Après la manifestation de la Manif pour tous du 23 avril 2013, plusieurs opposants pacifiques au gouvernement avaient été interpellés, gardés à vue 48h, et déférés devant le procureur après une nuit supplémentaire dans les cachots du Palais de justice, pour une prétendue infraction de non-dispersion d’un attroupement après de prétendues sommations de dispersion que personne n’a jamais entendues.

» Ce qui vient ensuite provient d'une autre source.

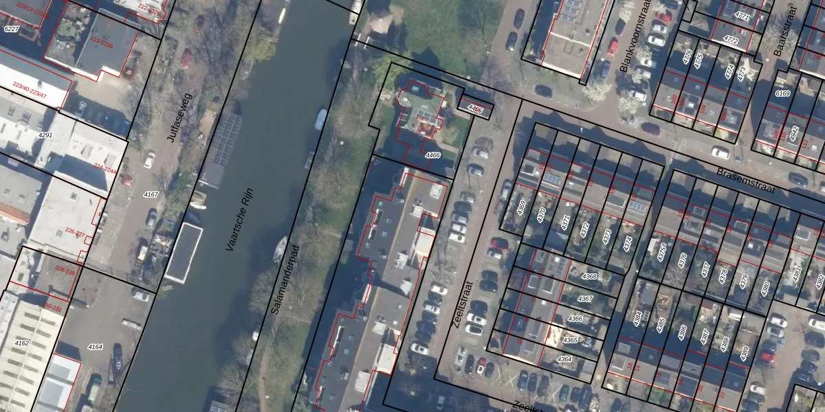 Het perceel waarop het adres ligt is UTT00-P-4317. De afkorting 'UTT00' staat voor kadastrale gemeente Utrecht. De gemiddelde perceeloppervlakte in de kadastrale gemeente Utrecht is 1438,48 m². Dit perceel is met zijn 2870 m² dus groter dan gemiddeld. Het kleinste perceel in de kadastrale gemeente is 0 m² groot. De grootste perceeloppervlakte is 90,1 ha. Er zijn 72 adressen aanwezig op het perceel. De huidige grenzen van het perceel zijn digitaal in de Basisregistratie Kadaster (BRK) geregistreerd op 19-09-1997.

Ce matin venait l’un de ces procès devant le
tribunal. Les prévenus, une femme enceinte et son mari, déjà parents de 5
enfants, étaient soutenus financièrement par l’AGRIF et défendus par notre
avocat Maître Jérôme Triomphe qui a soulevé une question prioritaire de constitutionnalité
autrement appelée QPC.
Cette QPC, élaborée en concertation avec
d’autres avocats intervenant dans des dossiers similaires, mettait en cause
l’inconstitutionnalité de l’infraction de non-dispersion.
En
effet, les textes qui punissent cette infraction d’un an d’emprisonnement et de
15.000 € d’amende permettent à un simple officier de police de porter atteinte
à la liberté individuelle et à la liberté de manifestation en décidant
unilatéralement, sans même le contrôle d’un juge judiciaire, pourtant gardien
constitutionnel de la liberté individuelle, de mettre fin à un rassemblement
quelconque au motif totalement subjectif qu’il pourrait être
« susceptible » de troubler l’ordre public.
De
même, la loi ne définit en rien quelles sont les modalités d’avertissement des
manifestants d’avoir à se disperser, renvoyant à un simple décret, en violation
de l’article 34 de la Constitution qui ne permet qu’à la loi de définir les
termes d’un délit.
La
défense a notamment rappelé la spectaculaire résolution n° 1947 de l’assemblée
parlementaire du Conseil de l’Europe du 27 juin 2013 qui a condamné fermement les répressions
policières arbitraires commises tant en Turquie qu’en France à l’occasion des
manifestations anti-loi Taubira. Cette résolution a rappelé le droit
fondamental de manifester y compris si les manifestations sont non déclarées ou
interdites et a rappelé que le rôle de la police est de protéger les
manifestants. Cette résolution a réclamé que notamment la France mette son
droit en conformité avec ces exigences.
C’est ici tout l’objet de cette QPC à laquelle le procureur
de la République s’est associé devant son caractère particulièrement fondé. Le
Tribunal de grande instance a ainsi fait droit à cette requête qui va être
examinée dans les 3 mois par la Cour de cassation.
Si
cette QPC aboutit, elle permettra de renforcer la liberté fondamentale de
manifestation tout en mettant fin à un certain nombre d’abus policiers.